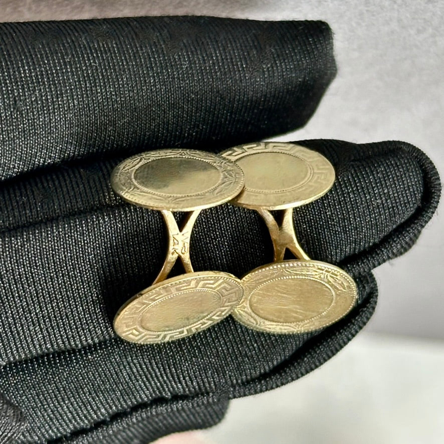 Crafted in solid 14KT yellow gold, their clean lines and minimalist round shape are elevated by the aged finish—adding depth, warmth, and a genuine vintage soul. They’re sleek, masculine, and unforgettable—the perfect accessory for weddings, work events, or special dinners.
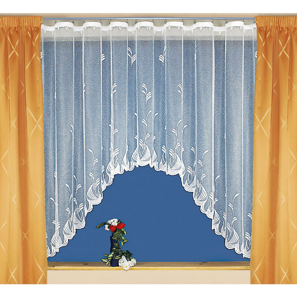 Hotová jemná žakárová záclona se vzorem drobných větviček v jednobarevné bílé barvě. Záclona je vyrobena ze 100% polyesteru ve výšce 180 cm a šířce 400 cm. Záclona má z výroby pevné boční i horní okraje, bez řasící stužky. Výška záclony je měřena v nejdelším místě.
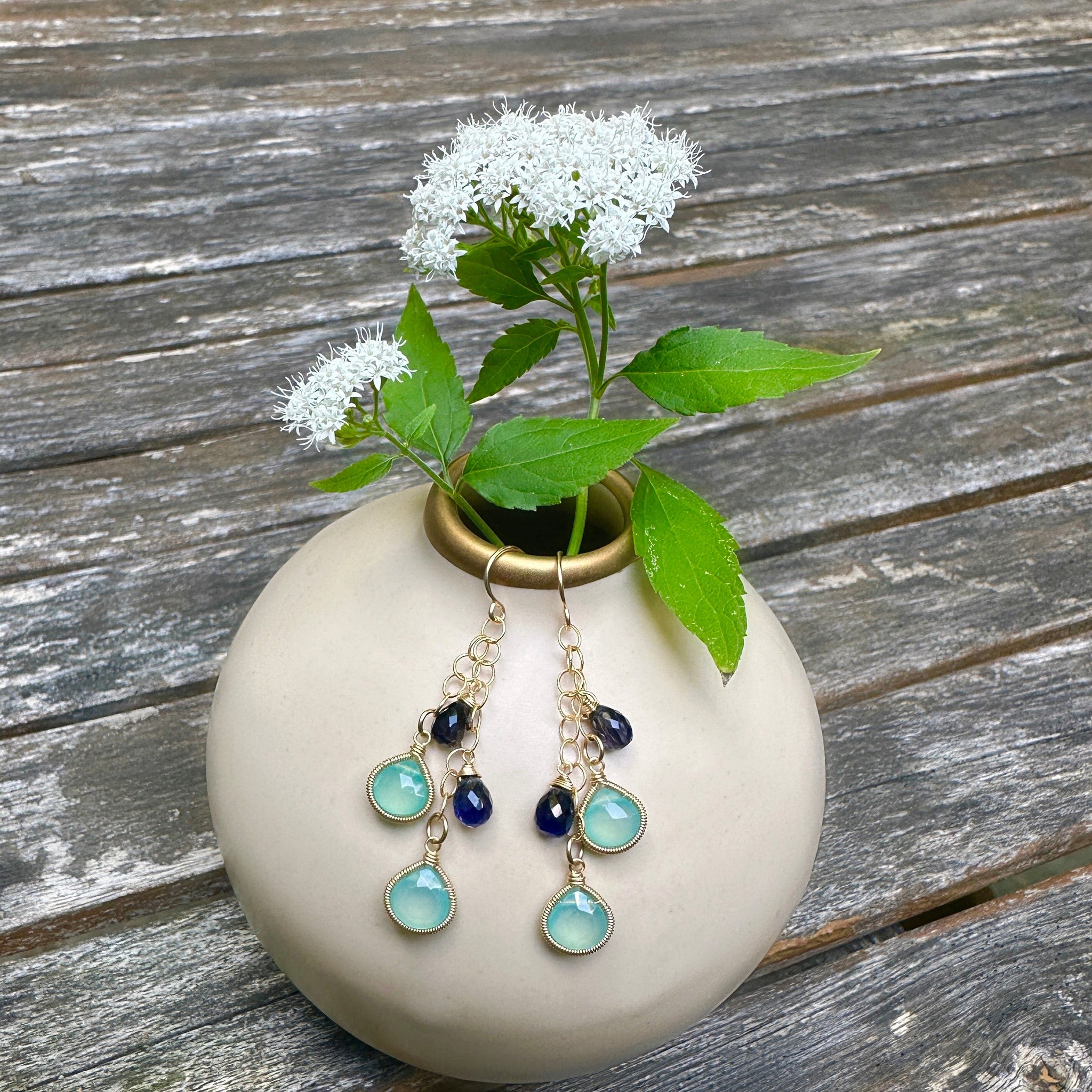 These earrings are statement piece designed for special occasions. Made from 14k gold filled material with a combination of Iolite and Chalcedony stones, these luxury earrings are perfect for making a subtle yet remarkable statement.
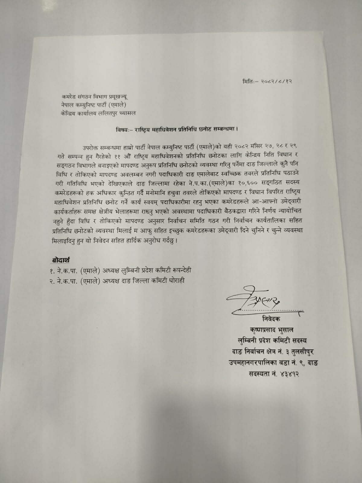 यस्तै जिल्ला पदाधिकारी पाँच जना र आफ्ना नजिककालाई प्रतिनिधि बनाएको भन्दै खारेज गर्न उनीहरूले माग गरेका छन्। प्रतिनिधि छनौटमा विधि प्रक्रिया पालना नगरेको भन्दै यसअघि पनि संगठन विभागमा उजुरी परेको थियो।
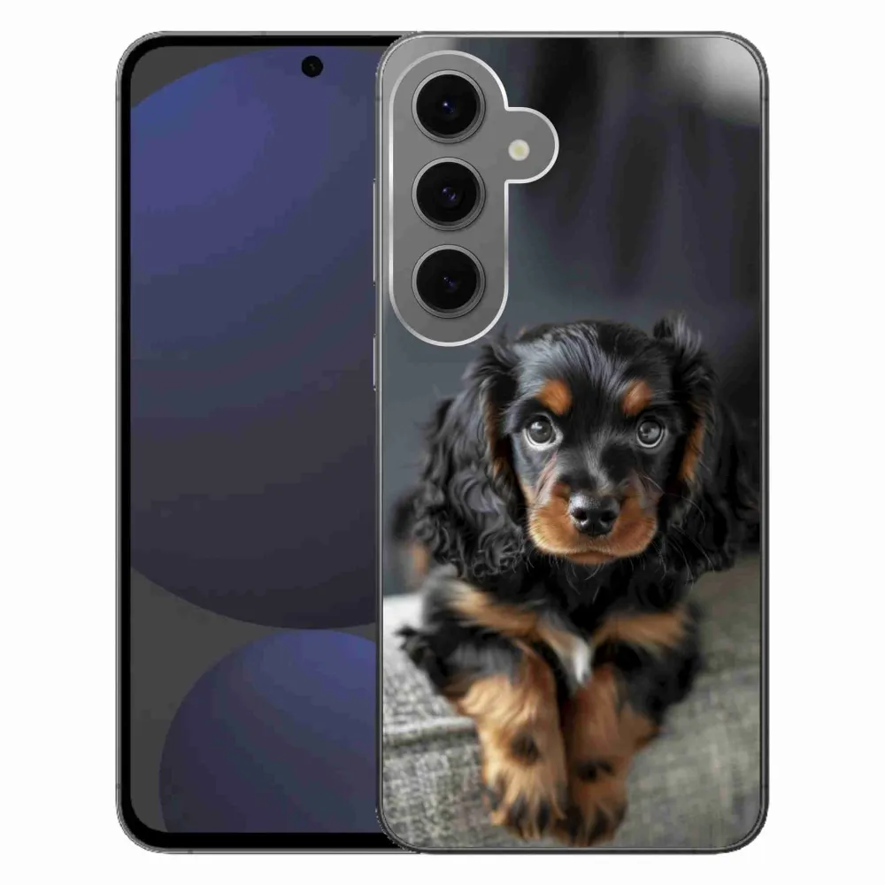 Rugalmas kesztyű tok mmCase a Samsung Galaxy S24FE képével - aranyos hosszú szőrű tacskó
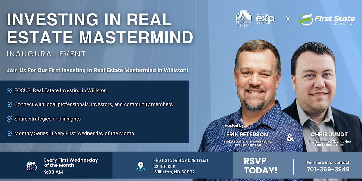 Hosted by Proven Realty and First State Bank & Trust, this monthly mastermind connects investors, lenders, and real estate professionals in Western North Dakota.
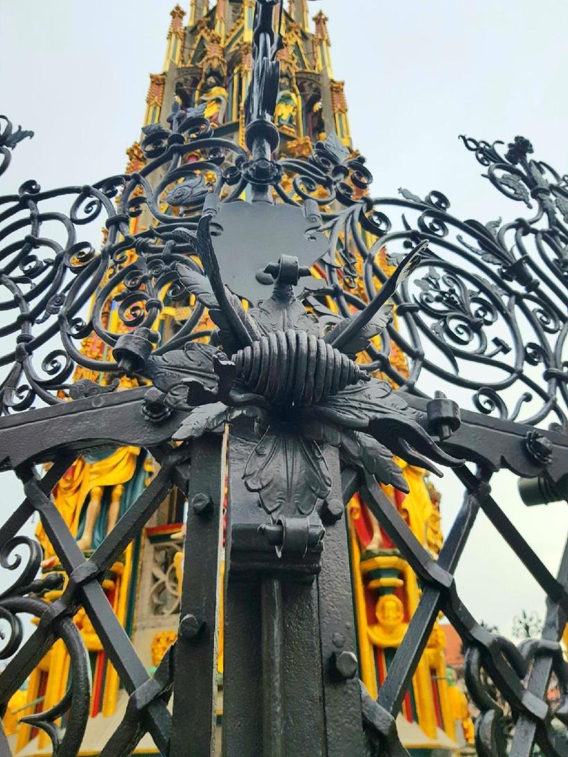- Покрутить кольца на счастье. На самом деле, в ограду фонтана вмонтировано несколько колечек, однако лишь два из них – латунное и железное – умеют вращаться. О том, какое из них на самом деле приносит удачу, ведутся споры не один век, но традиционно туристы крутят латунное, а сами нюрнбержцы – железное. По-моему, остаётся только проверка опытным путём – покрутить сразу оба.

EXERCISE DESCRIPTION:
Reproduce all the entries that precede this task, word for word, minus any pictures.

RESPONSE AREA:
 Crafted in solid 14KT yellow gold, their clean lines and minimalist round shape are elevated by the aged finish—adding depth, warmth, and a genuine vintage soul. They’re sleek, masculine, and unforgettable—the perfect accessory for weddings, work events, or special dinners.
 Hotová jemná žakárová záclona se vzorem drobných větviček v jednobarevné bílé barvě. Záclona je vyrobena ze 100% polyesteru ve výšce 180 cm a šířce 400 cm. Záclona má z výroby pevné boční i horní okraje, bez řasící stužky. Výška záclony je měřena v nejdelším místě.
 These earrings are statement piece designed for special occasions. Made from 14k gold filled material with a combination of Iolite and Chalcedony stones, these luxury earrings are perfect for making a subtle yet remarkable statement.
 यस्तै जिल्ला पदाधिकारी पाँच जना र आफ्ना नजिककालाई प्रतिनिधि बनाएको भन्दै खारेज गर्न उनीहरूले माग गरेका छन्। प्रतिनिधि छनौटमा विधि प्रक्रिया पालना नगरेको भन्दै यसअघि पनि संगठन विभागमा उजुरी परेको थियो।
 Rugalmas kesztyű tok mmCase a Samsung Galaxy S24FE képével - aranyos hosszú szőrű tacskó
 Hosted by Proven Realty and First State Bank & Trust, this monthly mastermind connects investors, lenders, and real estate professionals in Western North Dakota.
- Покрутить кольца на счастье. На самом деле, в ограду фонтана вмонтировано несколько колечек, однако лишь два из них – латунное и железное – умеют вращаться. О том, какое из них на самом деле приносит удачу, ведутся споры не один век, но традиционно туристы крутят латунное, а сами нюрнбержцы – железное. По-моему, остаётся только проверка опытным путём – покрутить сразу оба.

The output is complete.